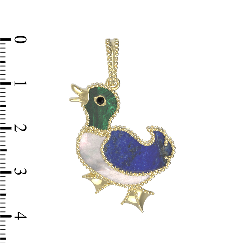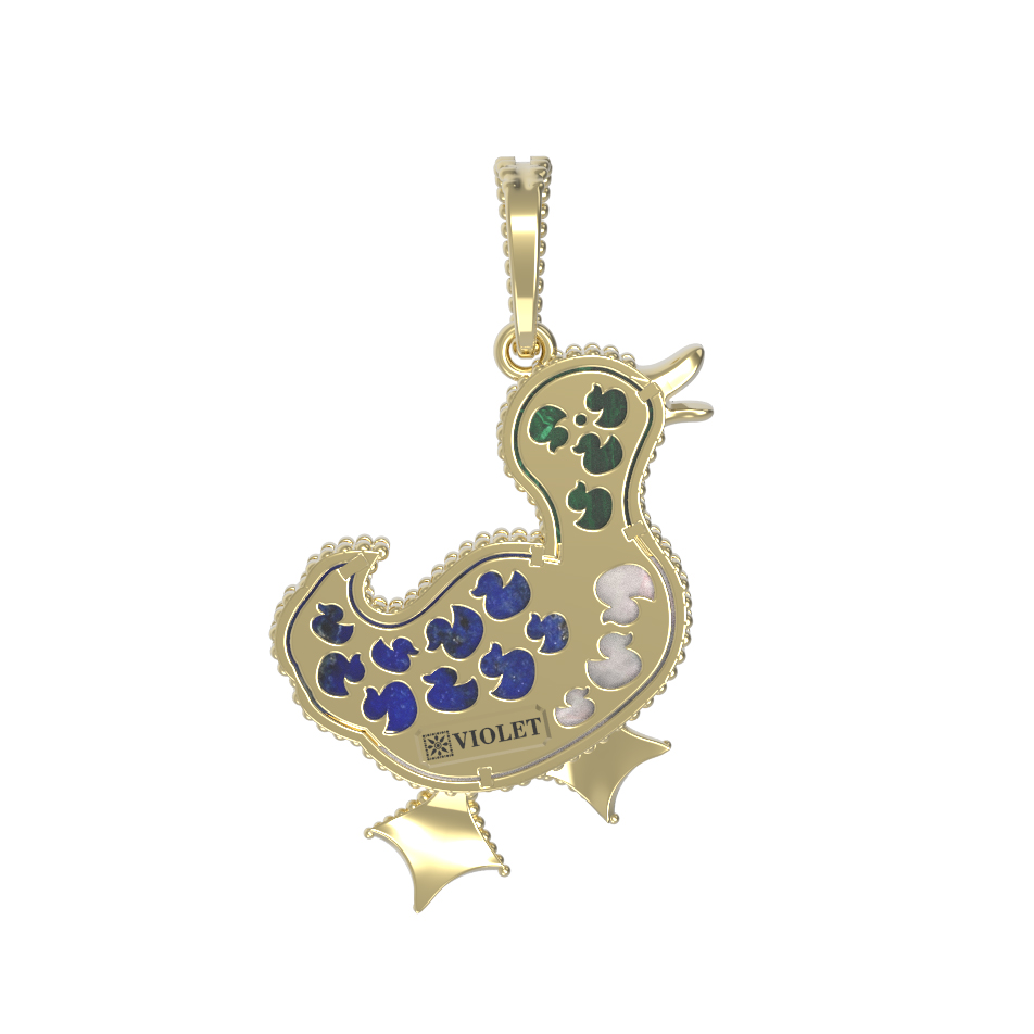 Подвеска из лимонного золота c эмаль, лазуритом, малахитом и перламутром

---

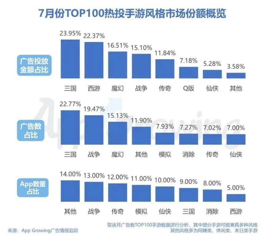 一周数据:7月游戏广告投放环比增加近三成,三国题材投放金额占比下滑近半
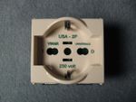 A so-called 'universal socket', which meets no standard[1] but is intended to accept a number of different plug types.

• **EXERCISE**
A word-for-word reproduction is needed of the lines above from the line containing "一周数据:7月游戏广告投放环比增加近三成,三国题材投放金额占比下滑近半" through the line containing "A so-called 'universal", with both ends kept and no pictures.

• **WRITTEN SOLUTION**
 一周数据:7月游戏广告投放环比增加近三成,三国题材投放金额占比下滑近半
 A so-called 'universal socket', which meets no standard[1] but is intended to accept a number of different plug types.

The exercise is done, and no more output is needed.